MATERIAL PROVIDED.
□ □ □ □ □

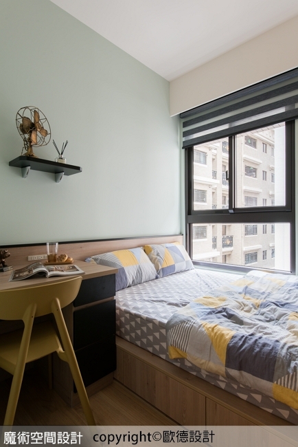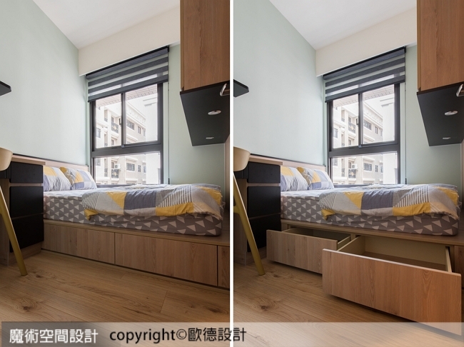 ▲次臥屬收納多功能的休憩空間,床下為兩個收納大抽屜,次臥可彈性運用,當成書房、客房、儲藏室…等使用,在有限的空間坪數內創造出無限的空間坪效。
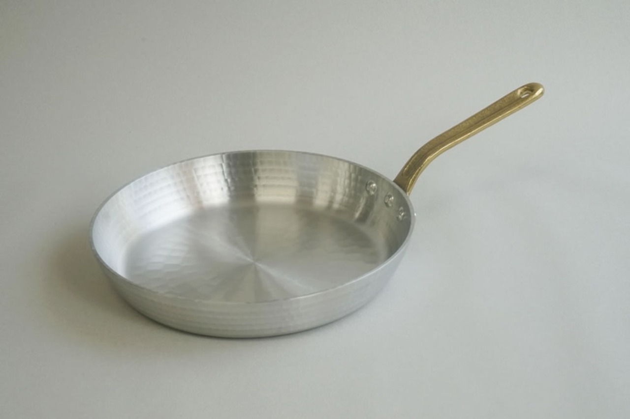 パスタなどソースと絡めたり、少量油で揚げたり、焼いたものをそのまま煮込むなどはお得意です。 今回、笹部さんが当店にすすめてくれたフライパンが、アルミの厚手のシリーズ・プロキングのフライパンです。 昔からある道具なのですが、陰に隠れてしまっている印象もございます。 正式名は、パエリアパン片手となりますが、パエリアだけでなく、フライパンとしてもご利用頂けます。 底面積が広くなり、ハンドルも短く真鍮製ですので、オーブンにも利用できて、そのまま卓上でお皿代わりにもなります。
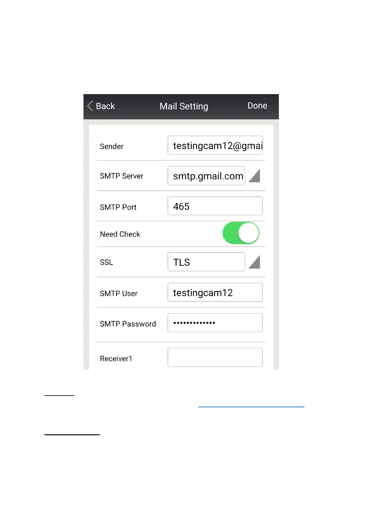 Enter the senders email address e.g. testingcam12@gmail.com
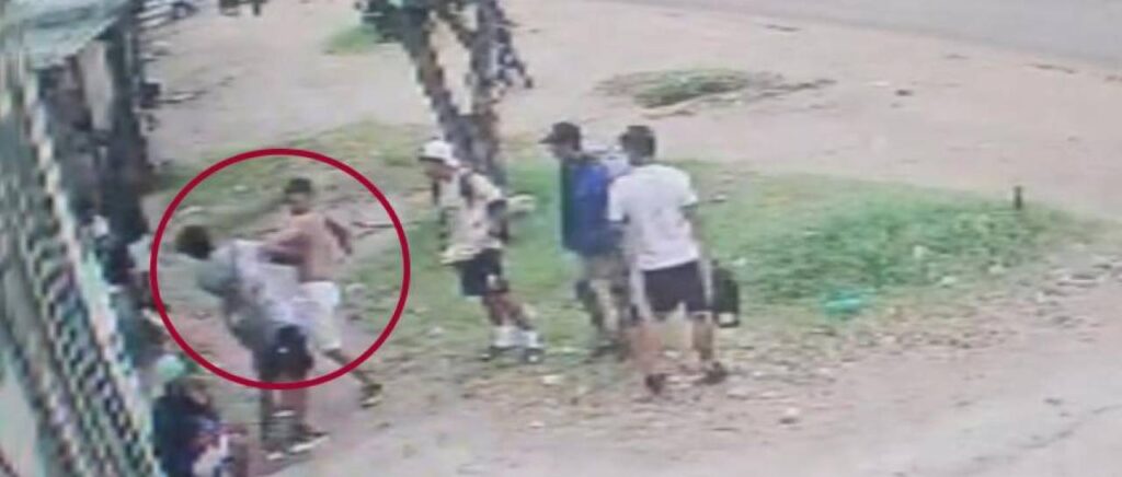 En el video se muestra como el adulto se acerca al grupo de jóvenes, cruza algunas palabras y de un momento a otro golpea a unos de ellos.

□ □ □ □ □

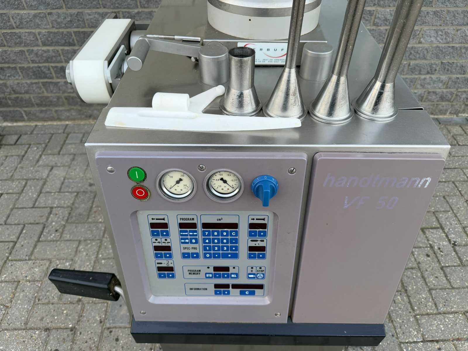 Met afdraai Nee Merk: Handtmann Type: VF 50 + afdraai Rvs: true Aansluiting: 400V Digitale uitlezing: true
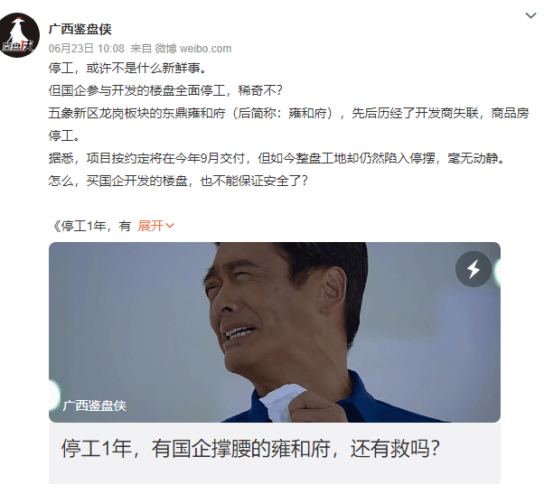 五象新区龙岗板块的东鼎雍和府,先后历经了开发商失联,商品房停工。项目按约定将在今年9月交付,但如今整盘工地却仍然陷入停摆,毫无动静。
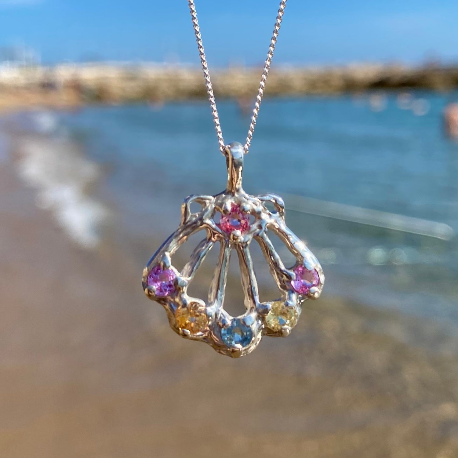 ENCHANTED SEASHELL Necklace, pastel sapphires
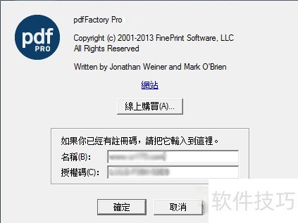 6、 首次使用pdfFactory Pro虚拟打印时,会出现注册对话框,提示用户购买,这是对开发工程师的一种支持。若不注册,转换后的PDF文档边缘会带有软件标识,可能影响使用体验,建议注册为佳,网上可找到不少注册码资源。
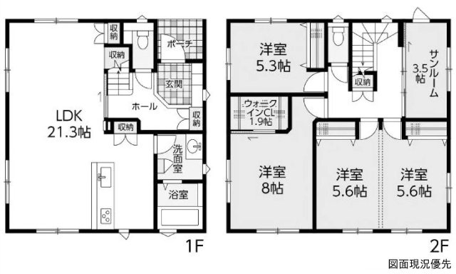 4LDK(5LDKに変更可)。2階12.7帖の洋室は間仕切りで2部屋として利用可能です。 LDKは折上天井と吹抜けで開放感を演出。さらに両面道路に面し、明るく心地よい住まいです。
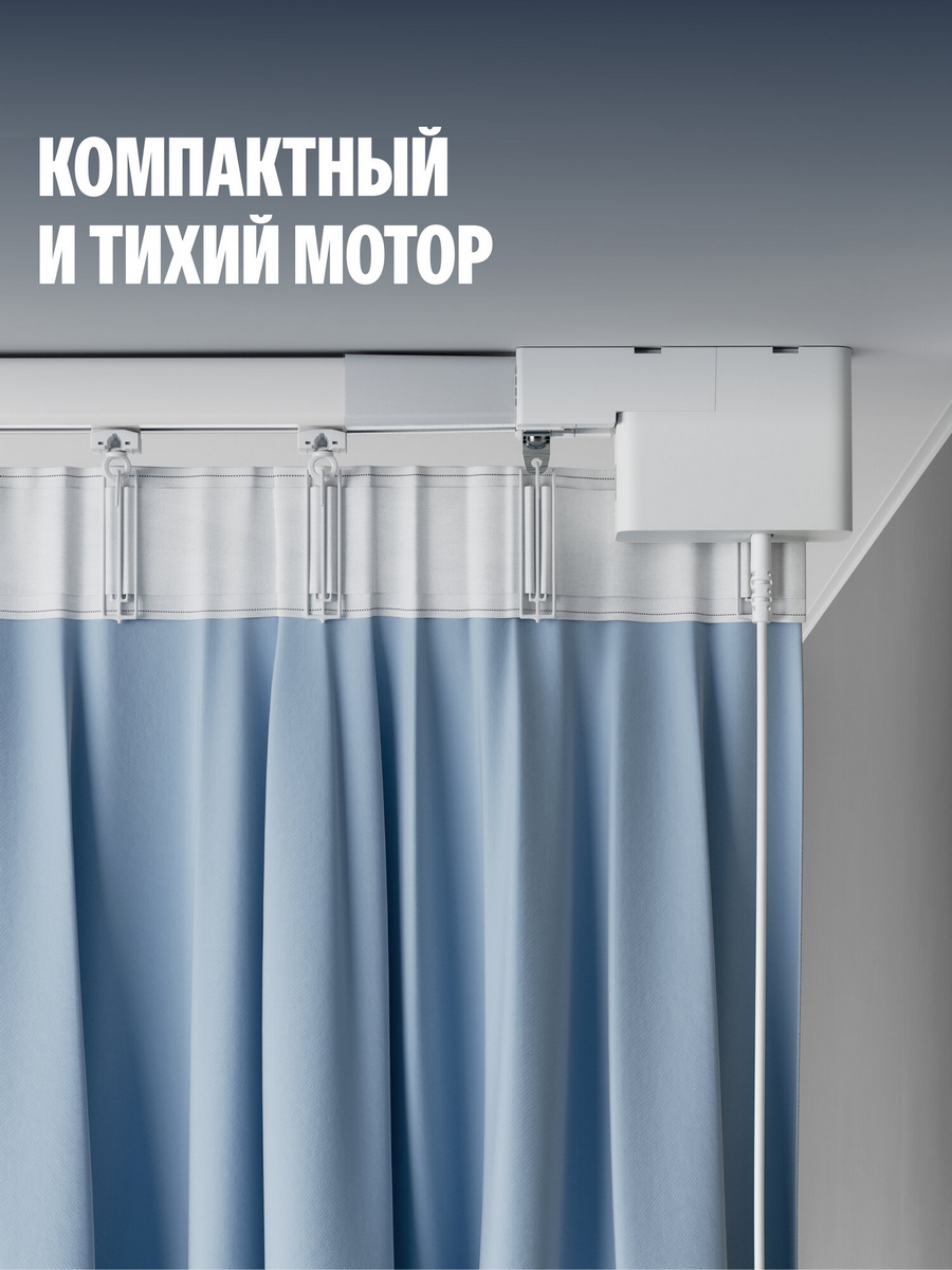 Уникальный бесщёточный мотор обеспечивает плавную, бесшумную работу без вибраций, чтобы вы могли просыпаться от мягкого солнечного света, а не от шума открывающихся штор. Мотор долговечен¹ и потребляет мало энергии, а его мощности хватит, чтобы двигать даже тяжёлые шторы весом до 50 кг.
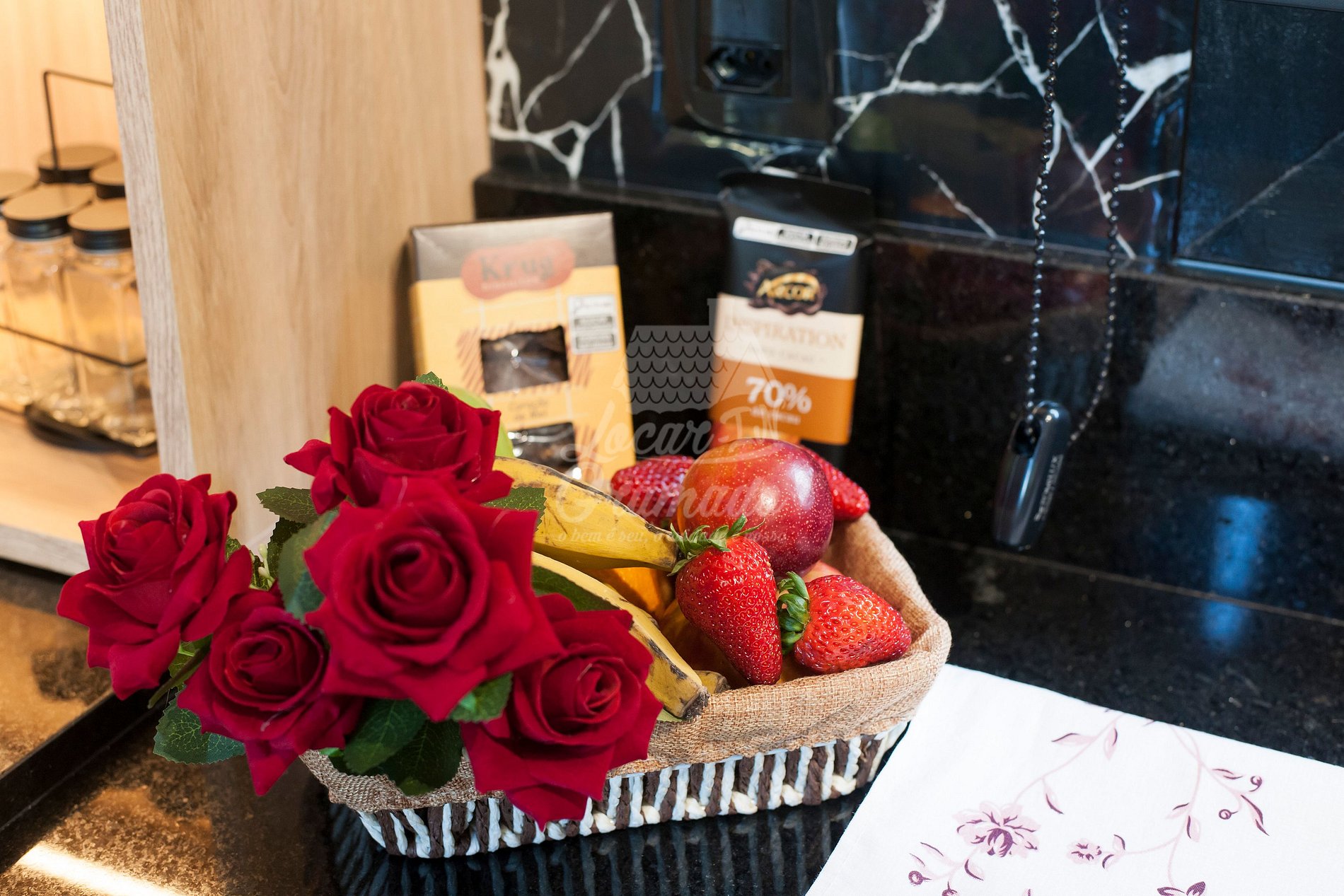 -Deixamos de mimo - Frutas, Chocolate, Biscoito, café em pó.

□ □ □ □ □

Restate word for word every line from the one with "4LDK(5LDKに変更可)" up to and including the one with "-Deixamos de mimo" in the records above, minus the pictures.

ANSWER TO THIS TASK.
 4LDK(5LDKに変更可)。2階12.7帖の洋室は間仕切りで2部屋として利用可能です。 LDKは折上天井と吹抜けで開放感を演出。さらに両面道路に面し、明るく心地よい住まいです。
 Уникальный бесщёточный мотор обеспечивает плавную, бесшумную работу без вибраций, чтобы вы могли просыпаться от мягкого солнечного света, а не от шума открывающихся штор. Мотор долговечен¹ и потребляет мало энергии, а его мощности хватит, чтобы двигать даже тяжёлые шторы весом до 50 кг.
 -Deixamos de mimo - Frutas, Chocolate, Biscoito, café em pó.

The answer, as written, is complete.